• [What to produce]: In the entries that follow, repeat exactly the lines from the one that has "Рисунок 1 - Устройства" through the one that has "рис. 1.3 Арт-простір", but omit pictures.

(Stored items)
--- --- ---

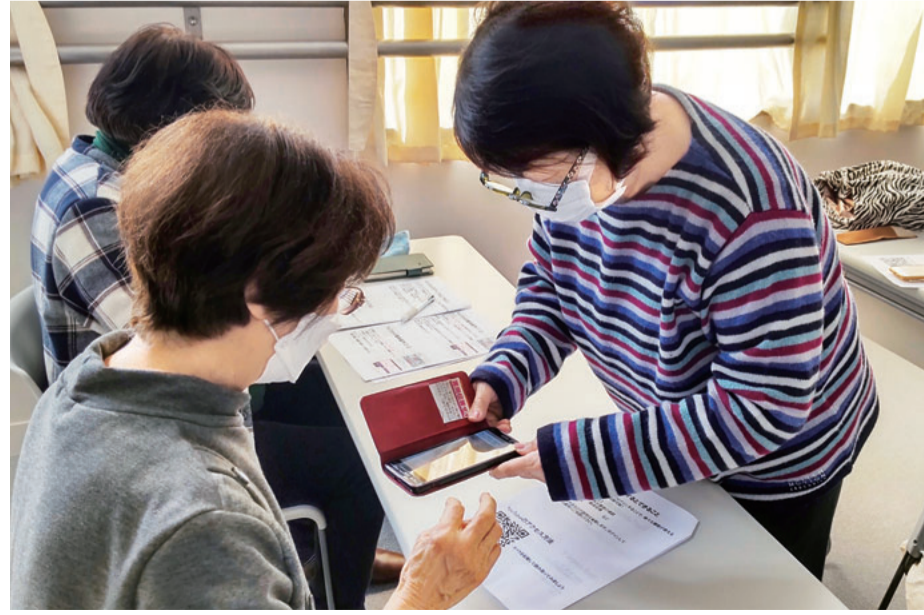
「そんなふうにするのね、よくわかったわ！」

講師は地域ささえあいセンター職員と南生協病院の看護師が担当し、普段使っているスマホと見比べながら教えていました。また「動画を見る方法がわかったので地域の班会でもやってみたい」と新たな班会が開催されそうです。
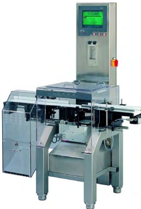
Рисунок 1 - Устройства весоизмерительные автоматические модификации НС.

Внешний вид устройств показан на рисунках 1 и 2.
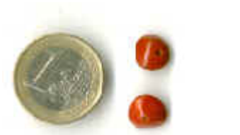
Semente de Sibipiruna
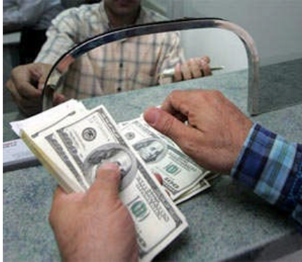
Resim 2.2: Döviz Tevdiat Hesabına faiz tahakkuk ettirilmesi durumunda; “611 MEVDUATA VERİLEN FAİZLER HESABI”nda izlenir.

Bu hesabın vadesi dolduğunda, 01.01.2005 – 10.06.2006 devresi için hesaplanan faiz tutarı ve evvelce giderlere intikal ettirilen ve 361 nolu hesapta bekleyen faiz tutarı mudinin hesabına intikal ettirilir. Bu şekilde kayda alınarak işlem tamamlanır. Menkul Kıymetler Sermaye İradı Gelir Vergisi (M.S.İ.G.V ) % 15 kesinti bu aşamada yapılır.
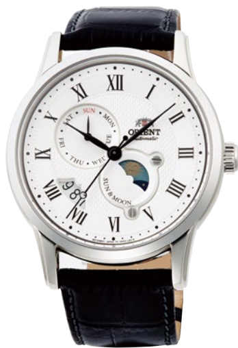
53 RN-AK0005S ¥55,000 (¥50,000+税)

[ 50 ~ 53 共通仕様 ] 自動巻き(手巻き付) / 駆動時間: 40 時間以上(最大巻き上げ時) / 秒針停止装置付 / 22 石 / SUN&MOON 表示 / 球面サファイアクリスタル シースルーバック / 耐磁 1 種 / 日常生活用強化防水 (5 気圧) / ケース: ステンレススチール / ケースカラー: ピンクゴールド色めっき (50・51) / バンド: 皮革 プッシュ三つ折式中留 / ケースサイズ: H50.5 × W42.5 × T14.0 mm / バンド幅: 22mm / 精度: 日差 + 25 秒 ~ - 15 秒 (Made in Japan)
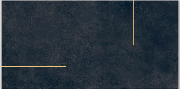
★ LINES 3B - PEI III / R10 / DCOF - (con listello ottone o acciaio - with brass or steel strip)
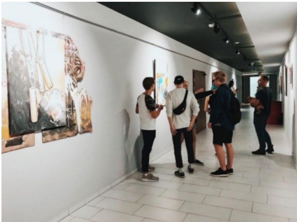
рис. 1.3 Арт-простір “коридор”, Луцьк [22]

громадськості та спілкуватися з іншими художниками та шанувальниками мистецтва. Також арт-простором є мистецькі студії, виставкові приміщення, музеї чи інші культурні простори. Сюди входять і приміщення, де художники чи інші митці можуть працювати над своїми творами індивідуально чи колективно, простори для показу цих робіт. Місця, де проводяться виставки, виступи, концерти, лекції та інші культурні події. Отже, арт-простір може бути будь-яким місцем, де мистецтво стає доступним та сприяє розвитку творчості та культурного життя.
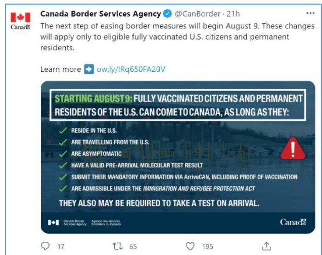
แถลงการณ์จากหน่วยงาน Canada Border Services Agency

การฉีดวัคซีน 2 เข็ม (แต่เดิมก่อนวิกฤต Covid-19 ชาวอเมริกันสามารถเดินทางเข้าแคนาดาได้โดยใช้เอกสารพาสปอร์ต หรือบัตรประชาชนเท่านั้น ไม่ต้องมีการลงทะเบียนหรือขอวีซ่าล่วงหน้า) ในส่วนของชาวต่างชาติอื่นๆ นั้น รัฐบาลแคนาดาจะอนุญาตให้สามารถเดินทางมายังแคนาดาได้ สำหรับกลุ่ม Non-Essential Travel เมื่อได้รับวัคซีนครบ 2 เข็มแล้ว เริ่มวันอังคารที่ 7 กันยายน 2564 ทั้งนี้ รัฐบาลแคนาดาเน้นย้ำว่ากฎระเบียบดังกล่าวขึ้นกับสถานการณ์การแพร่ระบาดทั้งภายในประเทศ และทั่วโลกที่อาจมีการเปลี่ยนแปลงหากจำเป็น
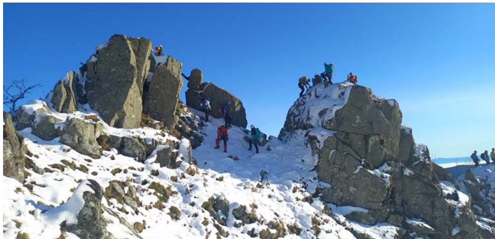
Sur les Spitzkoepfe

Après une boisson chaude, qui nous donne l'occasion de discuter, c'est maintenant l'heure des entretiens. Nous défilerons l'une après l'autre afin de montrer notre motivation, d'expliquer notre projet, d'échanger sur nos expériences et les raisons qui nous poussent à intégrer ce groupe 100% féminin ; et c'est enfin l'heure de la fondue !
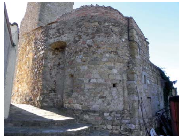
SANT PERE DE REIXAC. Absis romànic.

La nau de migjorn és il·luminada per dues finestres de doble biaix i arc de mig punt situades en el mur de migjorn de les quals una és tapada per la construcció del campanar. Els absis tenen també dues finestres cada un; el de mig-
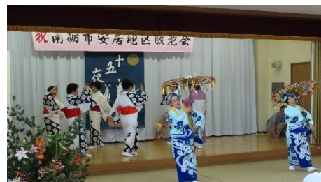
南砺市安居地区敬老会
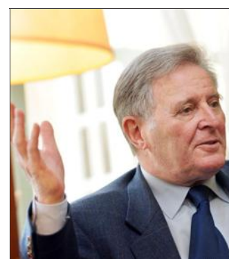
■ Arsène Lux, maire de Verdun.
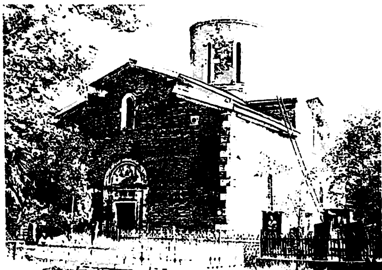
სოფელ ქუტირის ეკლესია.
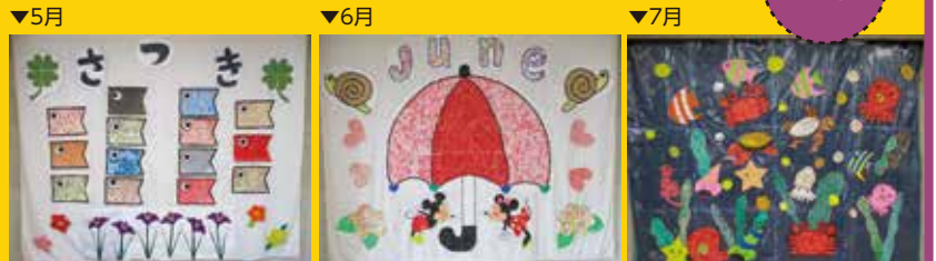
▼5月 元気いっぱい鯉のぼり ▼6月 雨にも負けず～相合傘～ ▼7月 シーパラダイス ※壁紙の大きさは、縦230cm・横250cmです。
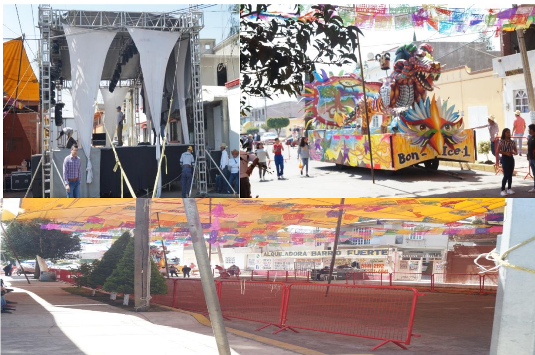
Fotos: Gerardo Velarde Romero, 2018. La previa para que salga el carnaval de Barrio Fuerte.

Los costos varían de acuerdo a los adornos que tenga cada traje y regularmente rondan de 13 a 18 mil pesos aproximadamente, aunque hay trajes que llegan a tener un costo de entre 20 a 60 mil pesos, dependiendo de los recursos económicos con lo que cuente la persona, es como elegirá su traje para participar en el carnaval, si bien es cierto que, aunque una persona quiera comprar un traje económico, aun así, le cuesta algo caro, razón por la que algunas personas prefieren alquilarlos.

--- --- ---

• [Task output]:
Рисунок 1 - Устройства весоизмерительные автоматические модификации НС.

Внешний вид устройств показан на рисунках 1 и 2.
Semente de Sibipiruna
Resim 2.2: Döviz Tevdiat Hesabına faiz tahakkuk ettirilmesi durumunda; “611 MEVDUATA VERİLEN FAİZLER HESABI”nda izlenir.

Bu hesabın vadesi dolduğunda, 01.01.2005 – 10.06.2006 devresi için hesaplanan faiz tutarı ve evvelce giderlere intikal ettirilen ve 361 nolu hesapta bekleyen faiz tutarı mudinin hesabına intikal ettirilir. Bu şekilde kayda alınarak işlem tamamlanır. Menkul Kıymetler Sermaye İradı Gelir Vergisi (M.S.İ.G.V ) % 15 kesinti bu aşamada yapılır.
53 RN-AK0005S ¥55,000 (¥50,000+税)

[ 50 ~ 53 共通仕様 ] 自動巻き(手巻き付) / 駆動時間: 40 時間以上(最大巻き上げ時) / 秒針停止装置付 / 22 石 / SUN&MOON 表示 / 球面サファイアクリスタル シースルーバック / 耐磁 1 種 / 日常生活用強化防水 (5 気圧) / ケース: ステンレススチール / ケースカラー: ピンクゴールド色めっき (50・51) / バンド: 皮革 プッシュ三つ折式中留 / ケースサイズ: H50.5 × W42.5 × T14.0 mm / バンド幅: 22mm / 精度: 日差 + 25 秒 ~ - 15 秒 (Made in Japan)
★ LINES 3B - PEI III / R10 / DCOF - (con listello ottone o acciaio - with brass or steel strip)
рис. 1.3 Арт-простір “коридор”, Луцьк [22]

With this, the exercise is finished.